The practical challenge is equally obvious. Teams enable container scanning and immediately face 47 critical vulnerabilities. Half are in base image packages the application never uses. A quarter have no available fix. The rest require major version bumps that would take weeks to properly test. The team disables scanning “temporarily” and never re-enables it.

This pattern repeats constantly. The scanner becomes noise that developers ignore or bypass. Security metrics look terrible because nobody’s actually scanning. The tool that was supposed to improve security has made it worse by creating learned helplessness.

Warning callout:

The fix isn’t better scanners — it’s better policies that lead to actionable findings. A scanner that reports 200 unfixable CVEs teaches developers to ignore all security alerts. A scanner that reports 3 fixable criticals with clear remediation steps gets those vulnerabilities fixed the same day.

This article covers how to integrate container scanning that developers will actually use: scanner selection, policy configuration that balances security and velocity, exception workflows for the inevitable unfixable CVEs, and metrics that tell you whether your security posture is actually improving.

Understanding Container Vulnerabilities

Where Vulnerabilities Hide

Container images are layered, and vulnerabilities can exist at every layer.

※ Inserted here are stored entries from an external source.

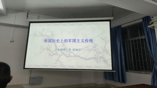 2023年10月13日晚上,为了深刻理解世界形势,追溯现实问题的历史根源,积极开拓学术视野,岭南师范学院法政学院、广东西部历史与海洋文化研究中心邀请山东师范大学陈海宏教授莅临我校,在弘雷楼705室举办题为“美国历史上的军国主义传统”学术讲座。讲座由法政学院副院长于卫青教授主持,历史系主任景东升教授、谌焕义教授等历史系师生参加了本次讲座。
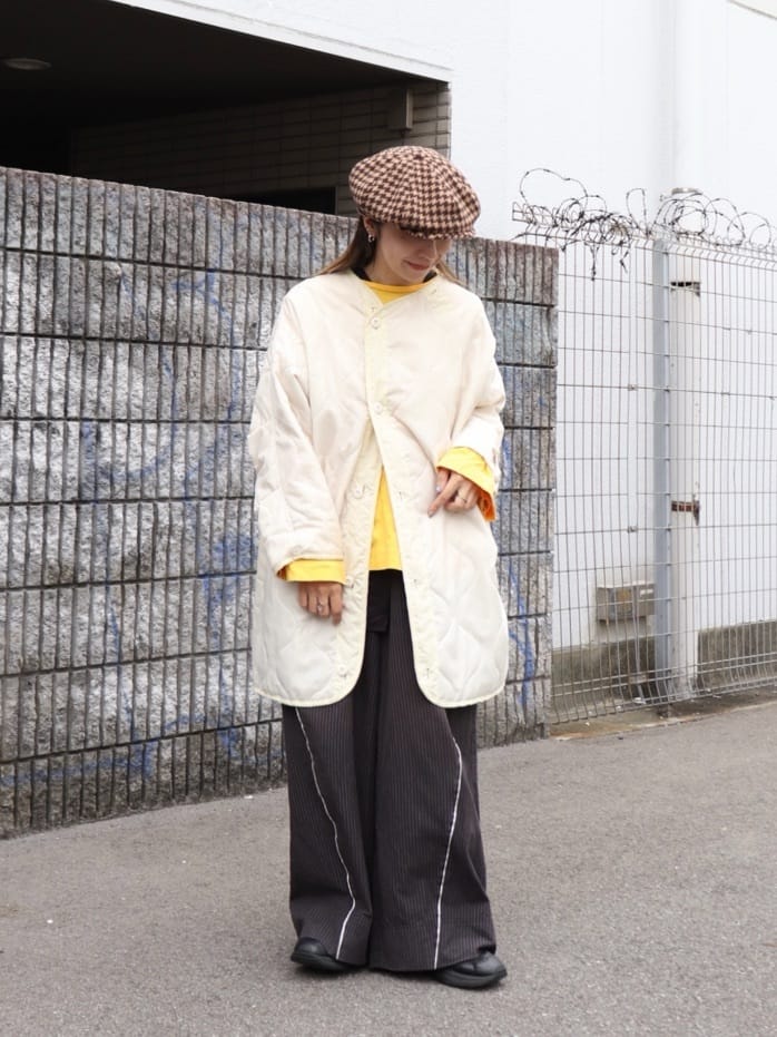 アイボリーのキルティングコートに、ブラウン系の細かなチェック柄キャスケットを合わせた、素材感と色使いのコントラストが利いたスタイル。インナーの黄色もブラウンと相性がよく、それでいて差し色として利いています。リラックスシルエットにクラシカルなチェック柄のキャスケットが加わったことで、コーデに品格が漂います。
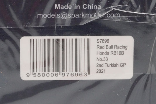 1:43 SPARK S7696 Red Bull Racing Honda RB16B 2nd Turkish GP M.Verstappen 2021 #33 model car
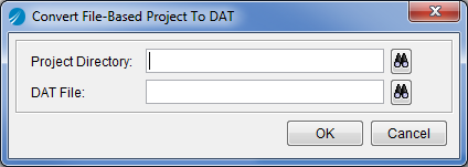 Displays a dialog that lets you specify the .dat file you wish to convert and the folder for the multi-file project. Because a.dat file is a legacy format, you must convert it to a multi-file project before you can open a project from TIBCO Designer. Displays a dialog that lets you choose a project directory and a .dat file. When you specify both, TIBCO Designer converts the multi-file project in the directory to the .dat file.
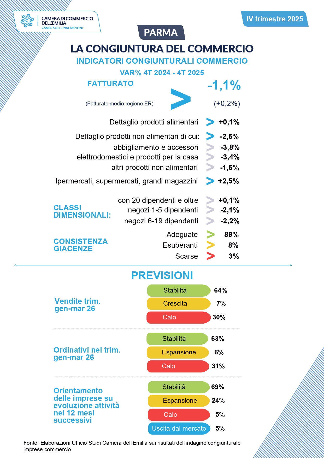 “E’ evidente – sottolinea il vicepresidente della Camera di commercio dell’Emilia, l’imprenditore parmense Vittorio Dall’Aglio – che per il commercio parmense vi sono difficoltà che si manifestano non solo con il moderato calo delle vendite avvenuto nel 2025, ma, ancor di più, nelle previsioni relative al futuro”.
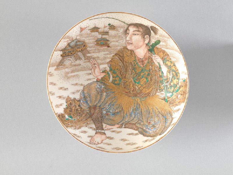 Dish decorated with seated Ōta Dōkan and castle towers in the background
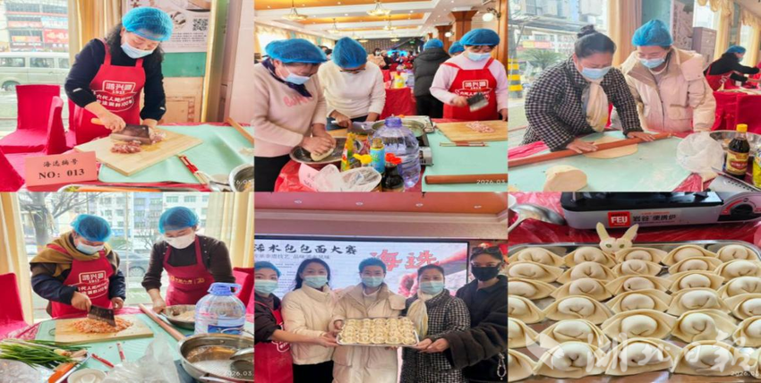 比赛分为“基础竞技”与“创意创新”两大板块。在基础竞技环节,选手们各显神通,揉、擀、包、捏,动作行云流水。不一会儿,一个个皮薄馅大、形如“元宝”的经典包面便在巧手中诞生,晶莹剔透,寓意着吉祥与富贵。而在创意创新环节,选手们则大胆融合本地特色食材,在馅料搭配与造型设计上推陈出新,展现了浠水包面与时俱进的无限可能。
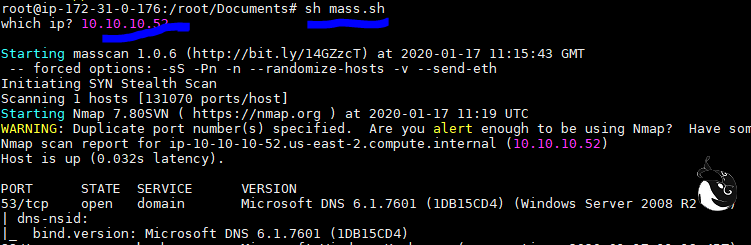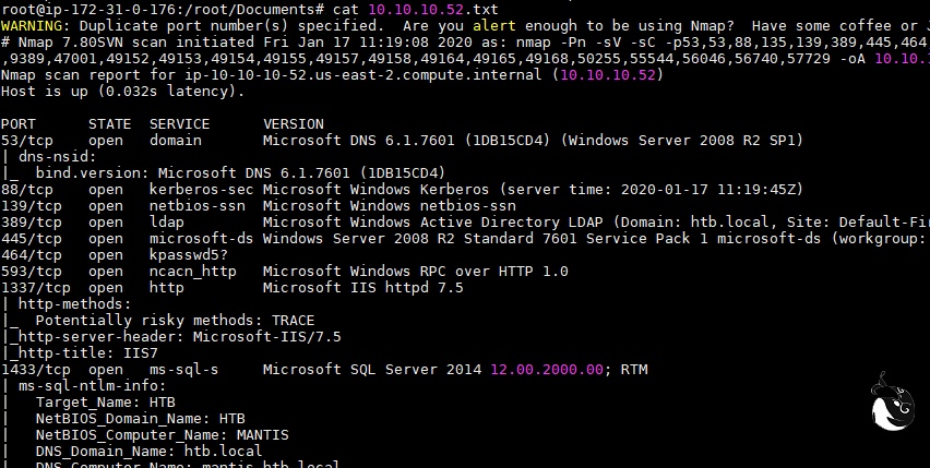 53/tcp open domain Microsoft DNS 6.1.7601 (1DB15CD4) (Windows Server 2008 R2 SP1) | dns-nsid: |_ bind.version: Microsoft DNS 6.1.7601 (1DB15CD4) 88/tcp open kerberos-sec Microsoft Windows Kerberos (server time:2020-01-1711:19:45Z) 139/tcp open netbios-ssn Microsoft Windows netbios-ssn 389/tcp open ldap Microsoft Windows Active Directory LDAP (Domain: htb.local, Site: Default-First-Site-Name) 445/tcp open microsoft-ds Windows Server 2008 R2 Standard 7601 Service Pack 1 microsoft-ds (workgroup: HTB) 464/tcp open kpasswd5? 593/tcp open ncacn_http Microsoft Windows RPC over HTTP 1.0 1337/tcp open http Microsoft IIS httpd 7.5 | http-methods: |_ Potentially risky methods: TRACE |_http-server-header: Microsoft-IIS/7.5 |_http-title: IIS7 1433/tcp open ms-sql-s Microsoft SQL Server 201412.00.2000.00; RTM | ms-sql-ntlm-info: | Target_Name: HTB | NetBIOS_Domain_Name: HTB | NetBIOS_Computer_Name: MANTIS | DNS_Domain_Name: htb.local | DNS_Computer_Name: mantis.htb.local | DNS_Tree_Name: htb.local |_ Product_Version:6.1.7601 | ssl-cert:Subject: commonName=SSL_Self_Signed_Fallback | Not valid before:2020-01-17T09:04:27 |_Not valid after:2050-01-17T09:04:27 |_ssl-date:2020-01-17T11:20:51+00:00; +31s from scanner time. 3268/tcp open ldap Microsoft Windows Active Directory LDAP (Domain: htb.local, Site: Default-First-Site-Name) 8080/tcp open http Microsoft HTTPAPI httpd 2.0 (SSDP/UPnP) |_http-open-proxy: Proxy might be redirecting requests |_http-server-header: Microsoft-IIS/7.5 |_http-title: Tossed Salad - Blog 9389/tcp open mc-nmf .NET Message Framing 47001/tcp open http Microsoft HTTPAPI httpd 2.0 (SSDP/UPnP) |_http-server-header: Microsoft-HTTPAPI/2.0 |_http-title: Not Found 49157/tcp open ncacn_http Microsoft Windows RPC over HTTP 1.0 50255/tcp open ms-sql-s Microsoft SQL Server 201412.00.2000 | ms-sql-ntlm-info: | Target_Name: HTB | NetBIOS_Domain_Name: HTB | NetBIOS_Computer_Name: MANTIS | DNS_Domain_Name: htb.local | DNS_Computer_Name: mantis.htb.local | DNS_Tree_Name: htb.local |_ Product_Version:6.1.7601 | ssl-cert:Subject: commonName=SSL_Self_Signed_Fallback | Not valid before:2020-01-17T09:04:27 |_Not valid after:2050-01-17T09:04:27 |_ssl-date:2020-01-17T11:20:51+00:00; +31s from scanner time. Service Info:Host: MANTIS; OS: Windows; CPE: cpe:/o:microsoft:windows_server_2008:r2:sp1, cpe:/o:microsoft:windows

Understanding where they come from helps you prioritize what to fix and what to accept.

Here’s the uncomfortable reality for a typical Node.js application: about 60% of vulnerabilities are in layers developers don’t directly control.

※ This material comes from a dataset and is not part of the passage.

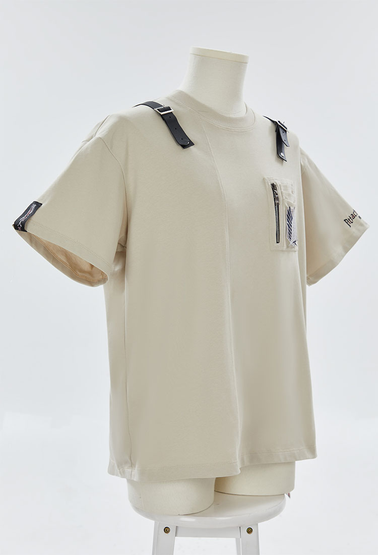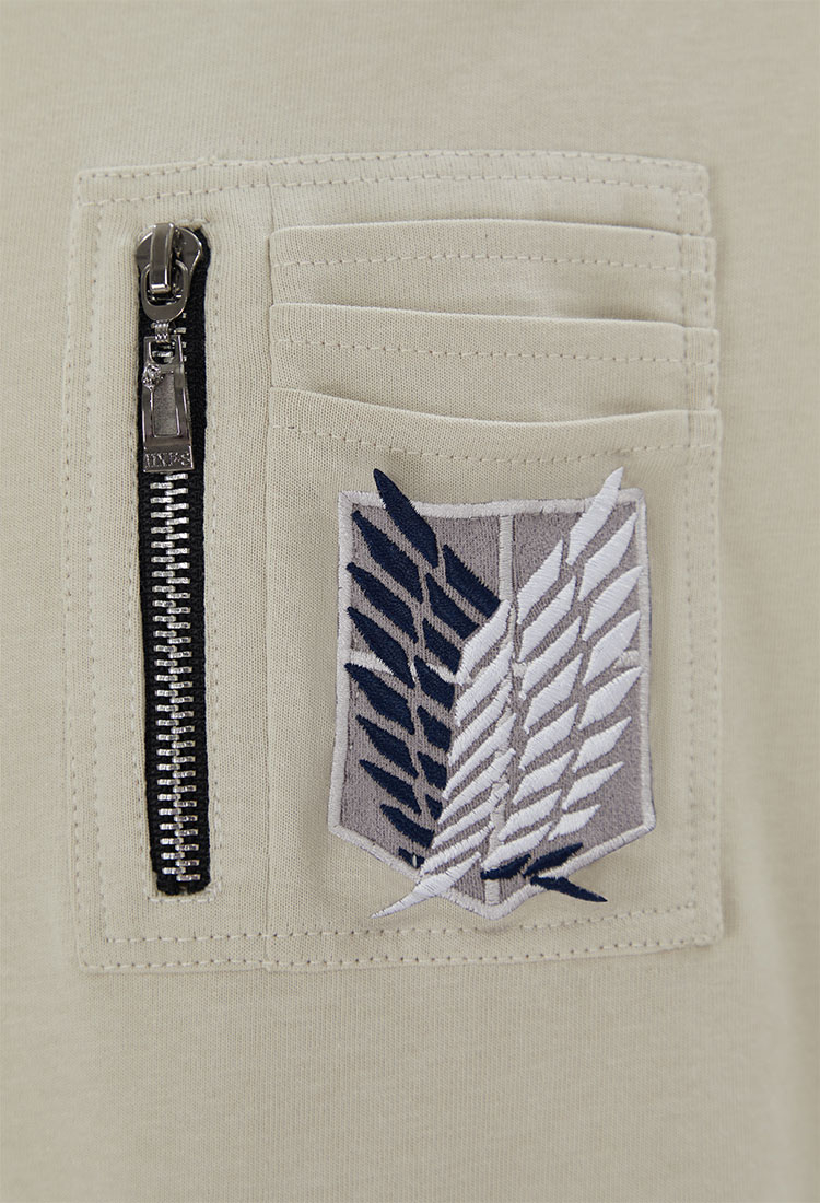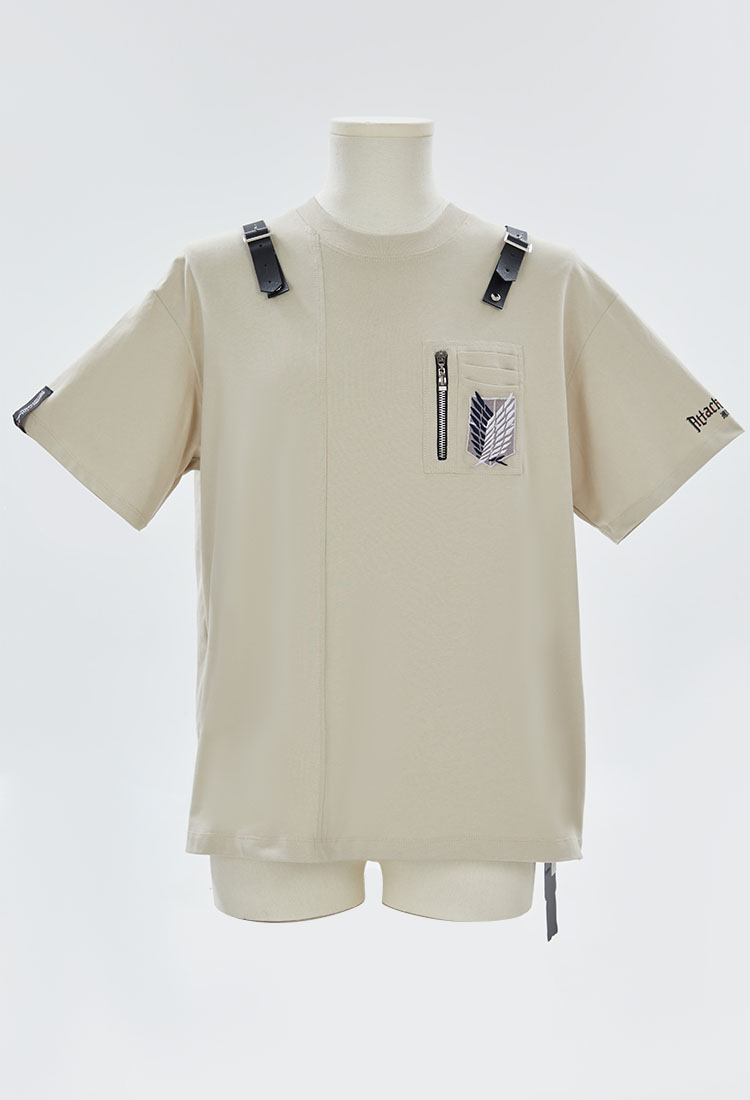 - The functional style design of the chest pocket and belt buckle fits well with the Attack on Titan elements. The iconic Wings of Freedom emblem design on the front and back is reminiscent of the Survey Corps uniform.

Vulnerability distribution in a typical Node.js container.

Your application code — the part you write and fully control — accounts for roughly 5% of CVEs. The npm packages you directly depend on add another 35%, but many of those are transitive dependencies you’ve never heard of. The remaining 60% comes from the OS packages and base image, which most developers treat as a black box.

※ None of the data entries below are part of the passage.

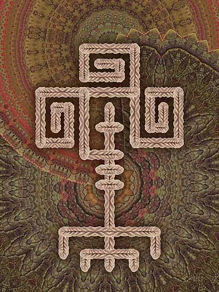 По мотивам этнических изображений создан образ Мирового Древа. В сакральном Древе можно найти понимание жизни, благополучия и вечности. В его форме видна Природная изначальность.
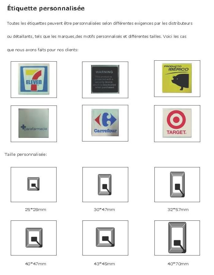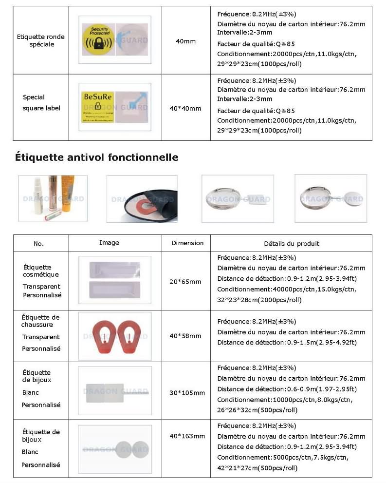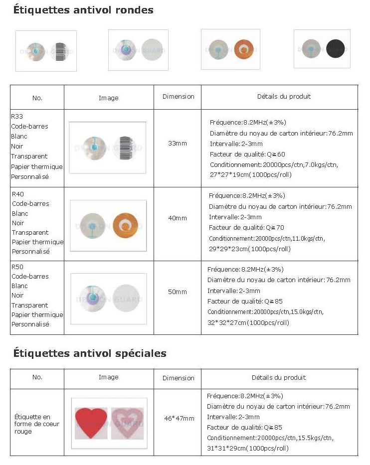 étiquette molle étiquette molle/ étiquette de papier Un grand choix d'étiquettes autocollantes contre le vol en magasin, compatibles avec tous les systèmes antivol du marché bande de fin de support ( de code à barres ) DR/LE/ étiquette d'art
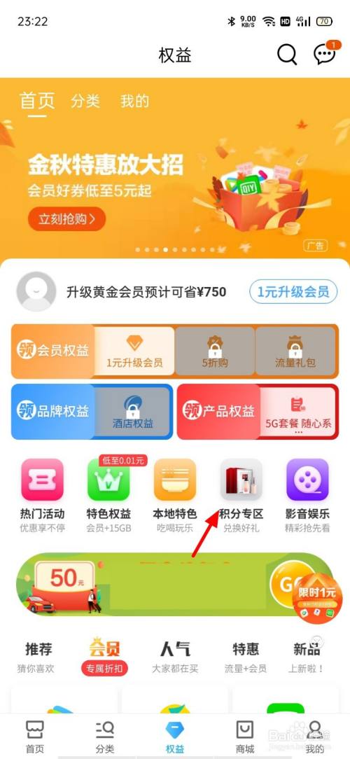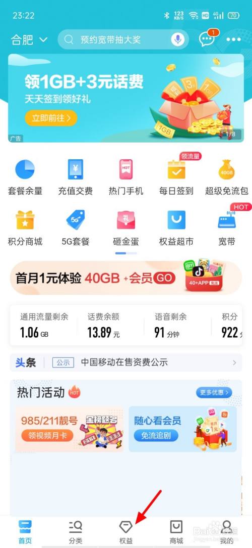 打开中国移动app,在权益选项下打开积分专区选项。选择权益,单击兑换选项,确定即可完成领取。

This distribution explains why “just fix all the CVEs” is impractical. You can’t fix a vulnerability in Debian’s libssl by editing your code. You need to update your base image, hope the distro has patched it, or accept the risk.

CVE Scoring and Severity

CVSS scores tell you how bad a vulnerability could be in the worst case. They don’t tell you how bad it is for you.

CVSS severity levels.

The problem is context. A CVSS 9.8 critical in an XML parser doesn’t matter if your application only parses JSON. A CVSS 6.5 medium in your authentication library matters a lot if you’re running a public-facing API.

CVSS scores vs contextual priority.
Info callout:

CVSS measures theoretical severity; your priority should consider exploitability, exposure, and whether the vulnerable code path is reachable in your application.

Some CVEs have been rated critical for years with no known exploits. Others get weaponized within days of disclosure. The CVSS score alone doesn’t capture this — you need to check whether there’s an active exploit in the wild (CISA’s Known Exploited Vulnerabilities catalog is useful here) and whether the vulnerability applies to your deployment context.

Types of Findings

Scanners detect different categories of issues, and each requires a different response.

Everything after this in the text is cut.